* _Activity_: Repeat every line of the data exactly; no picture belongs in the copy.

* _Dataset section_:
::::
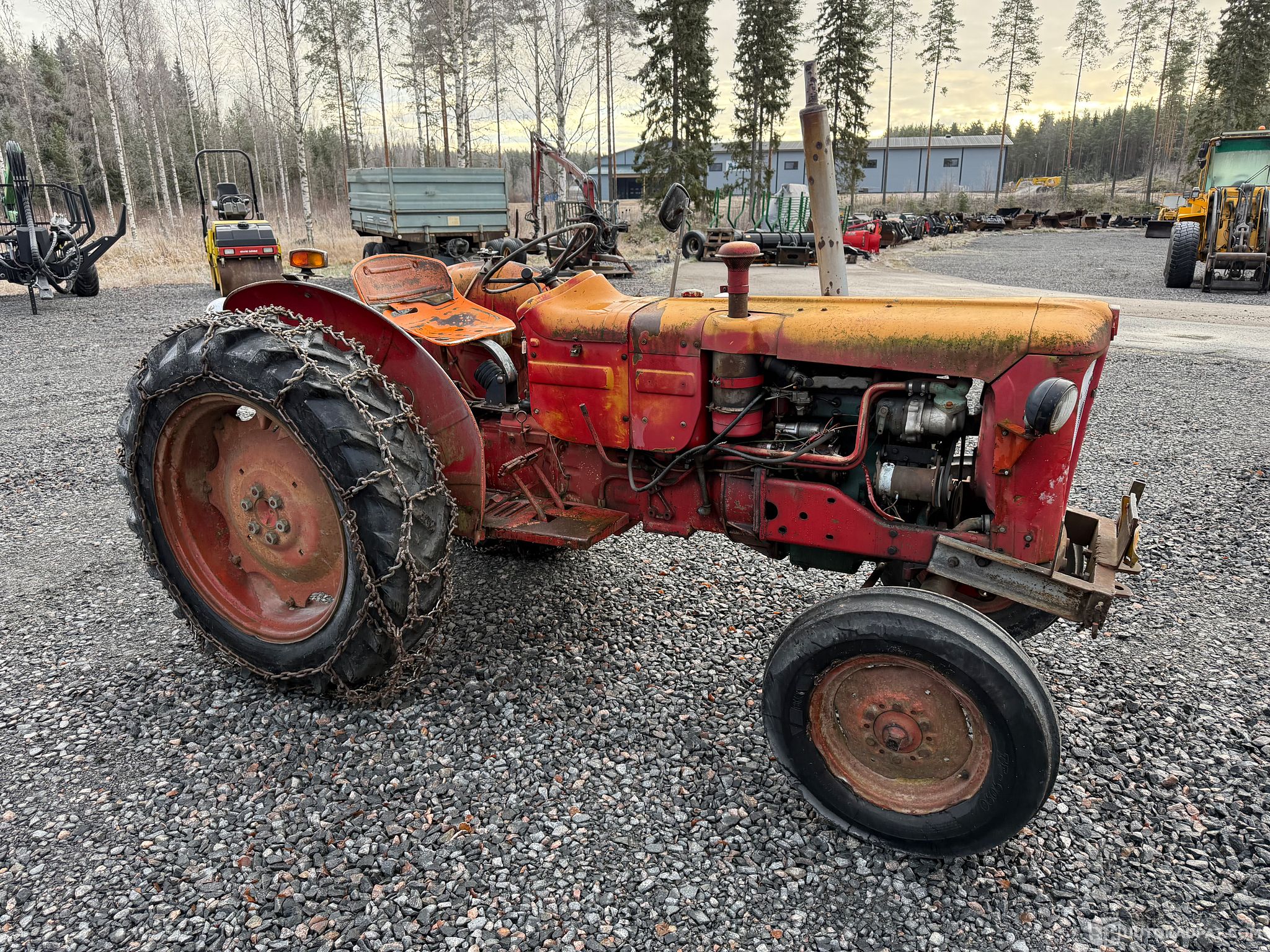 Volvo BM 400 traktori jääketjuilla.
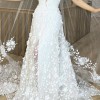 The "undercoat It is a beautiful sleek ivory gown with a split with a (not detachable) mesh overcoat with beautiful 3d flowers and petals . I loved this because it was a cross of a sexy silhouette dress with a twist of a statement bold wedding overskirt.
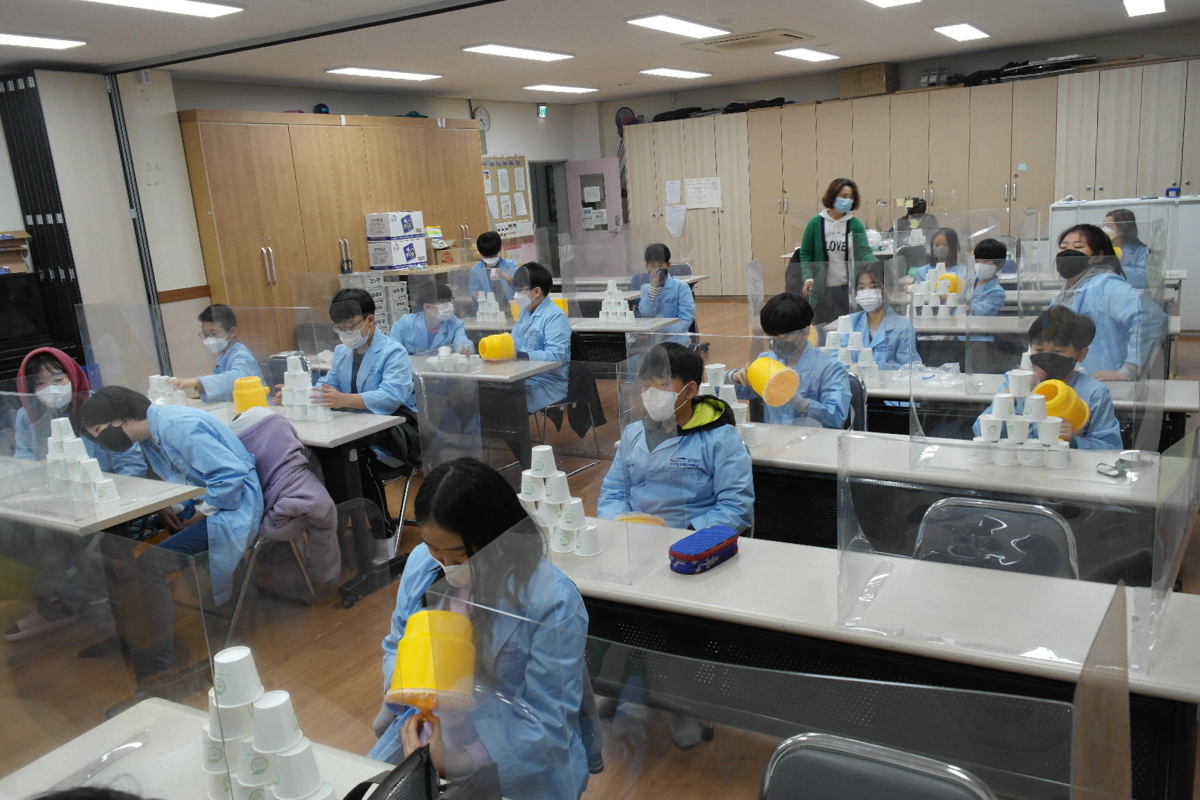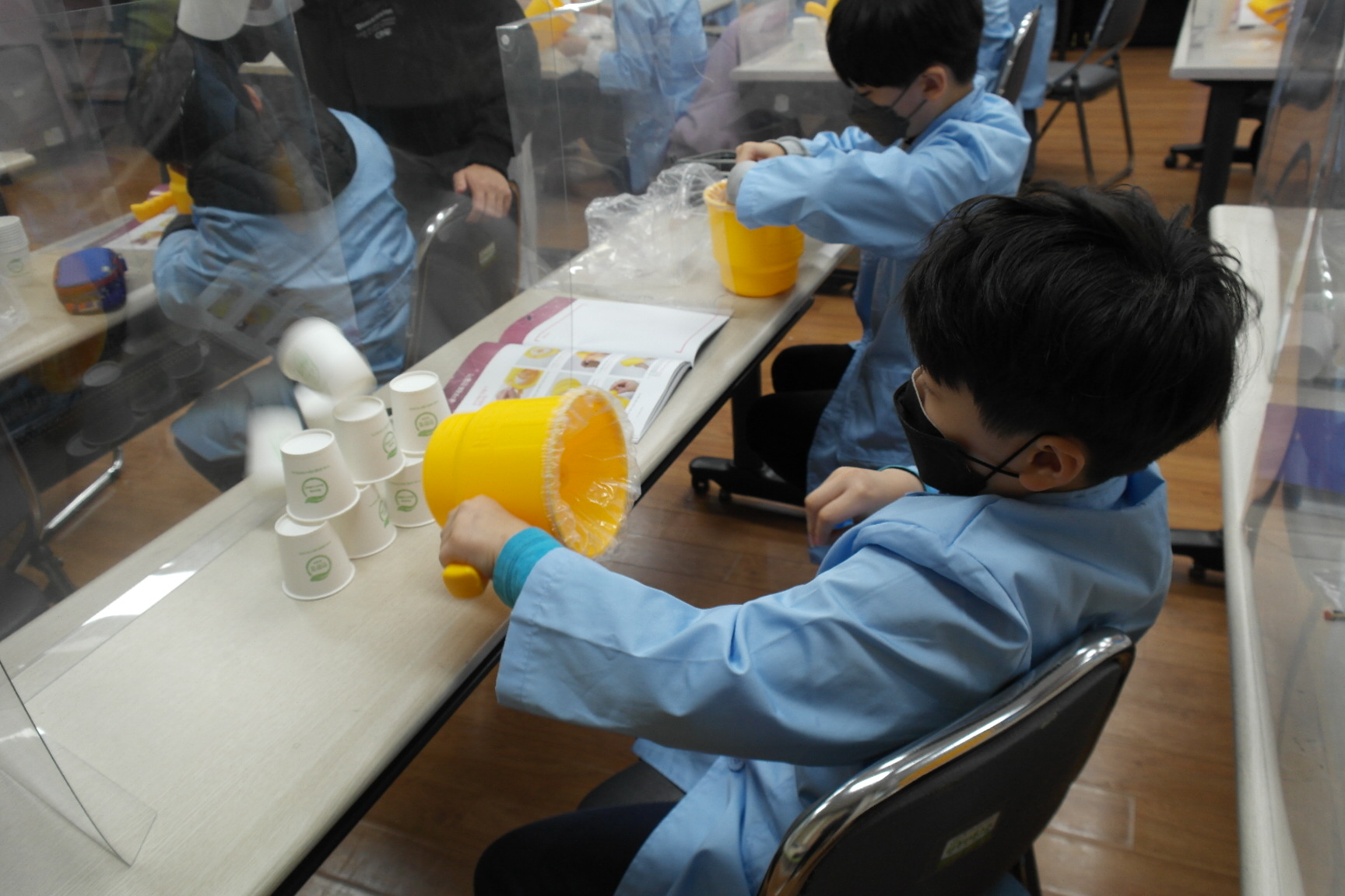 2021년 11월 19일에 진행한 삼성 SDI 푸른별과학교실 4차시 공기대포 만들기 활동입니다. 이번 차시에서 아이들은 공기 대포를 만들면서 고무줄을 튕기며 발생하는 탄성퍼텐셜 에너지의 운동에너지로의 전환의 개념을 직관적으로 학습하게 되었고, 또한 와류 현상에 대해 알아보면서 유체만의 독특한 운동 특성 또한 공부하게 되었습니다. 실험 과정을 통해 진행된 학습이어서 아이들이 지루해하지도 않으면서 다양한 물리법칙들을 몸소 알 수 있게 되어 매우 유익한 수업이었습니다.
::::
* _Solution to the exercise_:
 Volvo BM 400 traktori jääketjuilla.
 The "undercoat It is a beautiful sleek ivory gown with a split with a (not detachable) mesh overcoat with beautiful 3d flowers and petals . I loved this because it was a cross of a sexy silhouette dress with a twist of a statement bold wedding overskirt.
 2021년 11월 19일에 진행한 삼성 SDI 푸른별과학교실 4차시 공기대포 만들기 활동입니다. 이번 차시에서 아이들은 공기 대포를 만들면서 고무줄을 튕기며 발생하는 탄성퍼텐셜 에너지의 운동에너지로의 전환의 개념을 직관적으로 학습하게 되었고, 또한 와류 현상에 대해 알아보면서 유체만의 독특한 운동 특성 또한 공부하게 되었습니다. 실험 과정을 통해 진행된 학습이어서 아이들이 지루해하지도 않으면서 다양한 물리법칙들을 몸소 알 수 있게 되어 매우 유익한 수업이었습니다.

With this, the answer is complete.